Only one stretch of the records below should be repeated. It starts with the line containing "next season, remember!" and goes on through the line containing "Pergola rétractable 3L", exactly as written.

RECORDS TO PROCESS —
========
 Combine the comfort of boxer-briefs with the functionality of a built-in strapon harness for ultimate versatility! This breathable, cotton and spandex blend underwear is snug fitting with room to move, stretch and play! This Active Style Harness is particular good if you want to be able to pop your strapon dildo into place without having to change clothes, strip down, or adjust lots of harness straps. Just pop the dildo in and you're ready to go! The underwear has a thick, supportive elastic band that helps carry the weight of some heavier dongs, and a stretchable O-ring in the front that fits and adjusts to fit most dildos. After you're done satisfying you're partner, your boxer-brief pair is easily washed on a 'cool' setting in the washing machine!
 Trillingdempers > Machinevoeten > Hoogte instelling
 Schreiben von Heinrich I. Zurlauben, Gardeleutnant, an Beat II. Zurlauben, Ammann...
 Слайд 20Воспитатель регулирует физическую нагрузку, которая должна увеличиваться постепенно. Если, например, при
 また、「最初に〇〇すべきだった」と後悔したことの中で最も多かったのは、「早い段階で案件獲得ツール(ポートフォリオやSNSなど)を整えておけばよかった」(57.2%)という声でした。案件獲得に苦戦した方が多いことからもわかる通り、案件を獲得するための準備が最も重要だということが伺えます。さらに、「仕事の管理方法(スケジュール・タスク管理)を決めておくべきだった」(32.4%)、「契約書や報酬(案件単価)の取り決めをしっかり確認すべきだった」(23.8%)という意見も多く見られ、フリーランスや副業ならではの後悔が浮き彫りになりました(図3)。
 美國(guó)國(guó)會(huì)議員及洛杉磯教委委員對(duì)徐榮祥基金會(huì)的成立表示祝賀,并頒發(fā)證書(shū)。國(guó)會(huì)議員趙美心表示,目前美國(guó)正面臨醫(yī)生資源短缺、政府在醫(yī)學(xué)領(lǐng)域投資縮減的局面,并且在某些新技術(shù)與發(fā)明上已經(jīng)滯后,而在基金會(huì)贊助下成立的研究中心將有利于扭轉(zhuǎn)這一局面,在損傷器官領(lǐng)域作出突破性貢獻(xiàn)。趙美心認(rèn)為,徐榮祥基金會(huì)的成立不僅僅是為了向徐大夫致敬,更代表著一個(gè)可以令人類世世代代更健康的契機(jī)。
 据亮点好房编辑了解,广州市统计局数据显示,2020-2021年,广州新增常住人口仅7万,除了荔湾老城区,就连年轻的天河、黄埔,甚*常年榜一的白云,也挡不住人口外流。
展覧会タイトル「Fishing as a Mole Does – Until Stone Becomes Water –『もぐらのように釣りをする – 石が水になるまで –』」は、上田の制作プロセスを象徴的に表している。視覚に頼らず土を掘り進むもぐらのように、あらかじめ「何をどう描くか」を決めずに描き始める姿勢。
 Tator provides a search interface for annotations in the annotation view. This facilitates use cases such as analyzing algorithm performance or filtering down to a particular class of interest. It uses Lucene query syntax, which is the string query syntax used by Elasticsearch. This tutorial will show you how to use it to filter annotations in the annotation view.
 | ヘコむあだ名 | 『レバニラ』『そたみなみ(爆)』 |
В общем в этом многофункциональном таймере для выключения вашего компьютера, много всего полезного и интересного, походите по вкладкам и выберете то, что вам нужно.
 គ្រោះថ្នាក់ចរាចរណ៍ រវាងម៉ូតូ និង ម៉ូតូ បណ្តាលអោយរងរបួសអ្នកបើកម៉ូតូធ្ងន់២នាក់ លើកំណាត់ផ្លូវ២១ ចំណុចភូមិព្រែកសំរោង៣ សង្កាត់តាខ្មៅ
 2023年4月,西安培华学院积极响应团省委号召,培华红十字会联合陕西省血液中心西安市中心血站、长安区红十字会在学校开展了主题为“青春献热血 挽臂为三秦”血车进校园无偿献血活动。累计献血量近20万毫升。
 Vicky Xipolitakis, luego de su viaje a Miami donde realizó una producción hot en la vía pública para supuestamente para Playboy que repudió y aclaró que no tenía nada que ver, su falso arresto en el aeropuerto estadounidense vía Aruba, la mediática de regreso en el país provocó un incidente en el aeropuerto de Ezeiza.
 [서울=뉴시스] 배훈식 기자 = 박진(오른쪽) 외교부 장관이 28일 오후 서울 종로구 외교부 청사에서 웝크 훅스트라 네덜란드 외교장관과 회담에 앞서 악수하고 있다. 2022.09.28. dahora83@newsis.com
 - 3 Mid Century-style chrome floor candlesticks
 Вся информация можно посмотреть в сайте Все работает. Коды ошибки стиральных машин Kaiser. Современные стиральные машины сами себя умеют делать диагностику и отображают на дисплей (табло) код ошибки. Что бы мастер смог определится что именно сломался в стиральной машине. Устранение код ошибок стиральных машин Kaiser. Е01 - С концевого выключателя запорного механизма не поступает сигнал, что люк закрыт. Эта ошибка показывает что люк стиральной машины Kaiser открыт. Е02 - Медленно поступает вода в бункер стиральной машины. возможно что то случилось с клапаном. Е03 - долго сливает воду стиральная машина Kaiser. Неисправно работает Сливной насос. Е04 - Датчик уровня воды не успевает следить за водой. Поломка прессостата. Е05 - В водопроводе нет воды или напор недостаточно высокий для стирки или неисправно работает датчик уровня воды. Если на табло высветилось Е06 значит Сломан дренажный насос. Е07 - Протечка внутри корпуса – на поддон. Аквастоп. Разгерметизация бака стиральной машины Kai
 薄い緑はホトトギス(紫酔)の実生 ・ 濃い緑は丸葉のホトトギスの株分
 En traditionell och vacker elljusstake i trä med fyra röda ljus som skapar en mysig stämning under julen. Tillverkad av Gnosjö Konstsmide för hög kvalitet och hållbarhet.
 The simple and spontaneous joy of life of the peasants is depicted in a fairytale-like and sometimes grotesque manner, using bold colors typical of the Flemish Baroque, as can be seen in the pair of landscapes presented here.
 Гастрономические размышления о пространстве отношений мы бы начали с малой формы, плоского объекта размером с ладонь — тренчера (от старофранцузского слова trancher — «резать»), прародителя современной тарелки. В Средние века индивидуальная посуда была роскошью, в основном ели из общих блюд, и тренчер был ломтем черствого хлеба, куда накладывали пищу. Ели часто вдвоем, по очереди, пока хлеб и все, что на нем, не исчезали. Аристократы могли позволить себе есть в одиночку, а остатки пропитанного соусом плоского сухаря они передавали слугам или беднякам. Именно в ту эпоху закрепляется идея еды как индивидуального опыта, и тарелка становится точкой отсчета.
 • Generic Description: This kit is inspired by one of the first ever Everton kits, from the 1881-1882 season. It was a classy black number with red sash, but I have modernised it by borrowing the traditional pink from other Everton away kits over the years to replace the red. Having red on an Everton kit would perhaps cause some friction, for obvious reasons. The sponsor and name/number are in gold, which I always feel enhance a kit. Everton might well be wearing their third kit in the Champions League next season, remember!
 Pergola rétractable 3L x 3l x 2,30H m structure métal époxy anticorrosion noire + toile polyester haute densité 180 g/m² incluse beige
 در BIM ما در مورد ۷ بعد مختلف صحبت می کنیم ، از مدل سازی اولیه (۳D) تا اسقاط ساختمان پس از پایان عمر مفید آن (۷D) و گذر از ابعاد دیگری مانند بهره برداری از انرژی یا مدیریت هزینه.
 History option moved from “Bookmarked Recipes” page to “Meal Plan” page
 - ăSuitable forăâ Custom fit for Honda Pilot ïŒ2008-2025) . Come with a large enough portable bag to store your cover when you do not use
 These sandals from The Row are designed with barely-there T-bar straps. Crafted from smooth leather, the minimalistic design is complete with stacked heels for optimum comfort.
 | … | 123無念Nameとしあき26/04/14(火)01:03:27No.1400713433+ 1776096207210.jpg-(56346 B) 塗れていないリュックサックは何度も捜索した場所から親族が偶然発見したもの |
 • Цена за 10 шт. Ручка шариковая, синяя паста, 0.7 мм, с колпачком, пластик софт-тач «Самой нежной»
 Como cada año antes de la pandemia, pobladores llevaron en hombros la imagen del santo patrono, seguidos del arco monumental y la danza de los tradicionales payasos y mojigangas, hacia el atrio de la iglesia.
========
THE ANSWER —
 • Generic Description: This kit is inspired by one of the first ever Everton kits, from the 1881-1882 season. It was a classy black number with red sash, but I have modernised it by borrowing the traditional pink from other Everton away kits over the years to replace the red. Having red on an Everton kit would perhaps cause some friction, for obvious reasons. The sponsor and name/number are in gold, which I always feel enhance a kit. Everton might well be wearing their third kit in the Champions League next season, remember!
 Pergola rétractable 3L x 3l x 2,30H m structure métal époxy anticorrosion noire + toile polyester haute densité 180 g/m² incluse beige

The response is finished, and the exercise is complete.